What the exercise asks: Please set down only the lines below starting with the line with "飞天茅台价格暴跌黄牛损失惨重以前零售价两三千的时候,赚几十上百万怎么不说?" and going on through the line with "Bolpur (22 km)", verbatim and without pictures.

Listed entries:
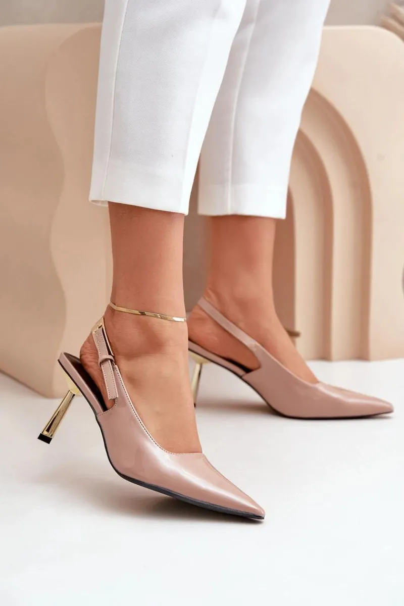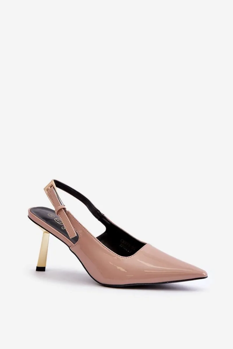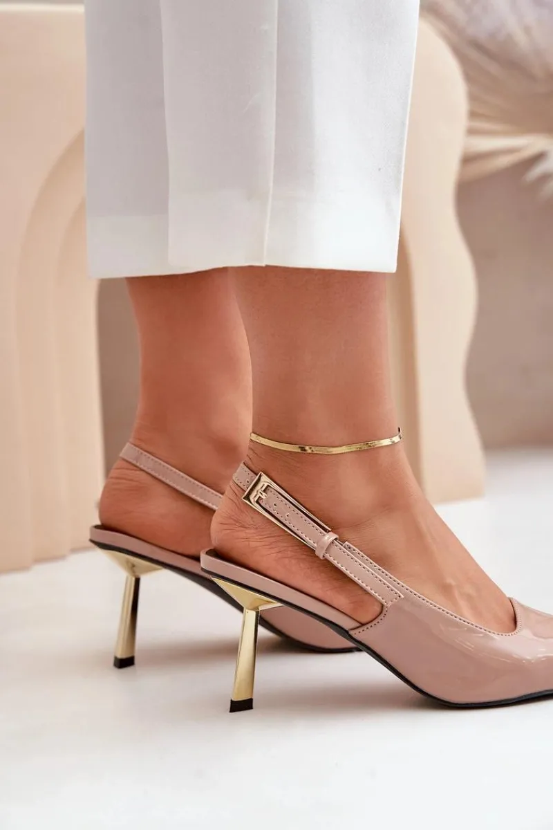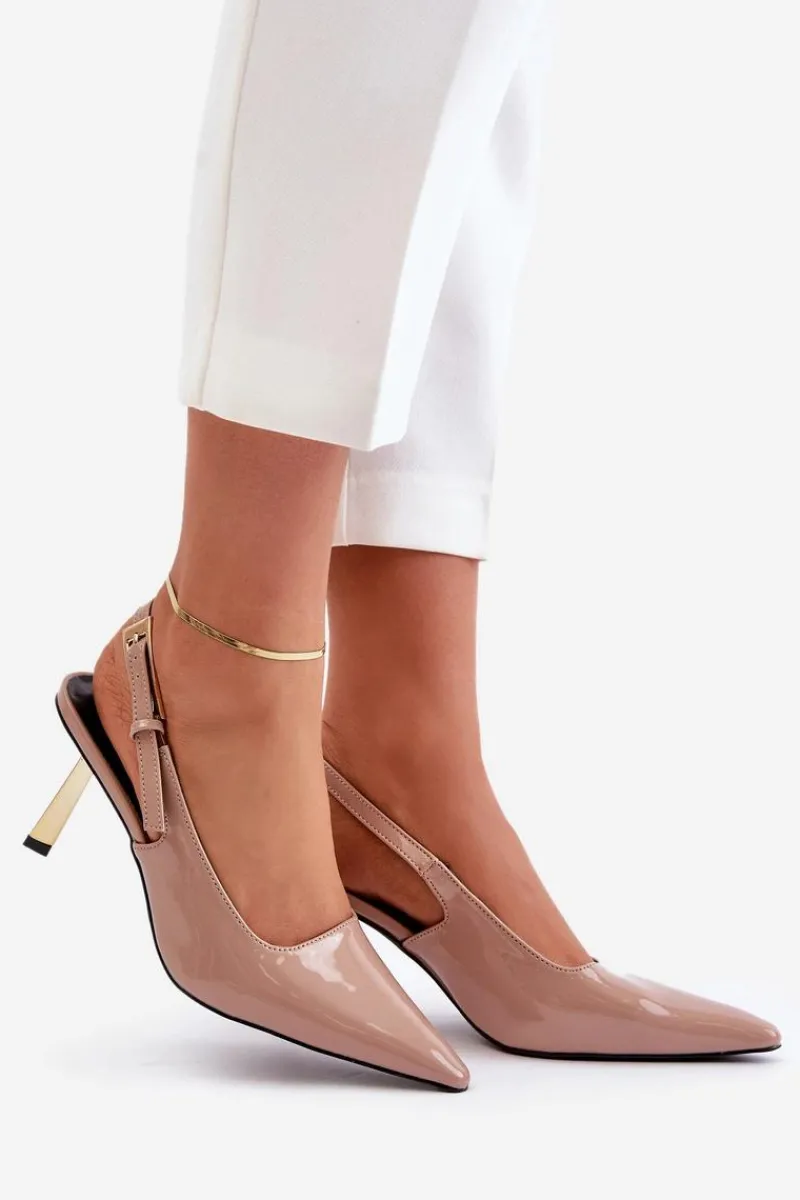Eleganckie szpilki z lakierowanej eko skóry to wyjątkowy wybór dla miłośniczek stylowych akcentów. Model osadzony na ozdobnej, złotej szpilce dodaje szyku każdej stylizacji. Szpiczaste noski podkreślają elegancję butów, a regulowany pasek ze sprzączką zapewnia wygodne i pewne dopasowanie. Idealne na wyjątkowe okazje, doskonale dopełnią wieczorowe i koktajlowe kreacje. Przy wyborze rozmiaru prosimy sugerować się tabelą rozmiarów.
--
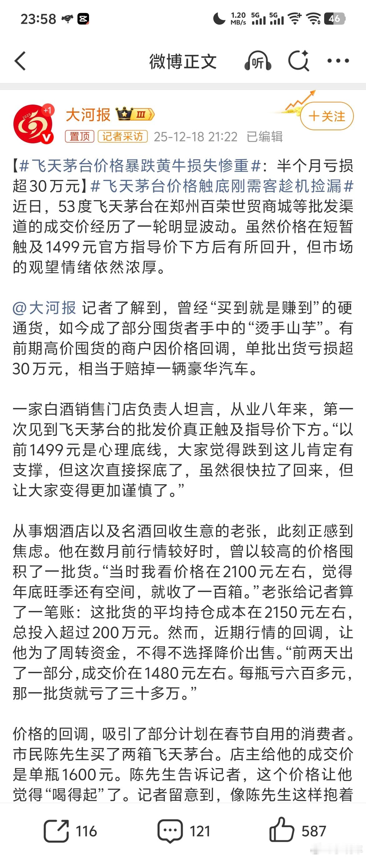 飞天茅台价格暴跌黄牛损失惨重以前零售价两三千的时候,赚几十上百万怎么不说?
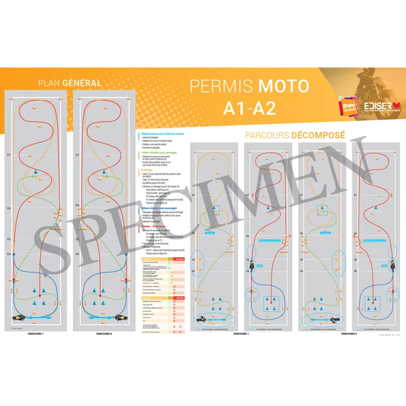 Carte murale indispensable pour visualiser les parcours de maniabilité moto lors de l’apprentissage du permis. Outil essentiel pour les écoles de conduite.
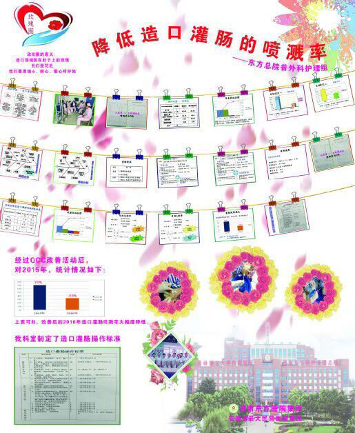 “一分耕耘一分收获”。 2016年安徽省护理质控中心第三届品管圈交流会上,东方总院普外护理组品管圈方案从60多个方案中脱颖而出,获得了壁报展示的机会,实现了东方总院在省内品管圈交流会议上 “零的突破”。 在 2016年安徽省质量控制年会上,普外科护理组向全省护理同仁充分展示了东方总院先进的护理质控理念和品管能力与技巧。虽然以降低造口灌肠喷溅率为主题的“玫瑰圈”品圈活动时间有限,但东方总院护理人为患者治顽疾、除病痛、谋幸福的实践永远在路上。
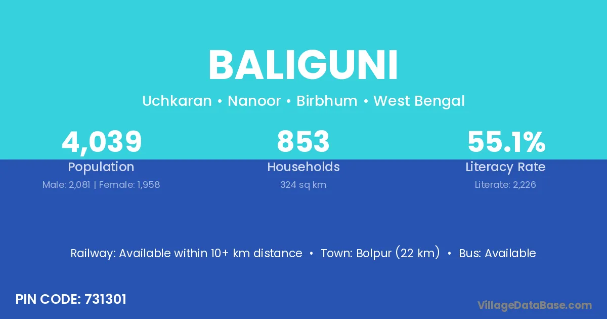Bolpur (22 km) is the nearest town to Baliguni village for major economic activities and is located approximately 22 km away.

Expected answer:
 飞天茅台价格暴跌黄牛损失惨重以前零售价两三千的时候,赚几十上百万怎么不说?
 Carte murale indispensable pour visualiser les parcours de maniabilité moto lors de l’apprentissage du permis. Outil essentiel pour les écoles de conduite.
 “一分耕耘一分收获”。 2016年安徽省护理质控中心第三届品管圈交流会上,东方总院普外护理组品管圈方案从60多个方案中脱颖而出,获得了壁报展示的机会,实现了东方总院在省内品管圈交流会议上 “零的突破”。 在 2016年安徽省质量控制年会上,普外科护理组向全省护理同仁充分展示了东方总院先进的护理质控理念和品管能力与技巧。虽然以降低造口灌肠喷溅率为主题的“玫瑰圈”品圈活动时间有限,但东方总院护理人为患者治顽疾、除病痛、谋幸福的实践永远在路上。
Bolpur (22 km) is the nearest town to Baliguni village for major economic activities and is located approximately 22 km away.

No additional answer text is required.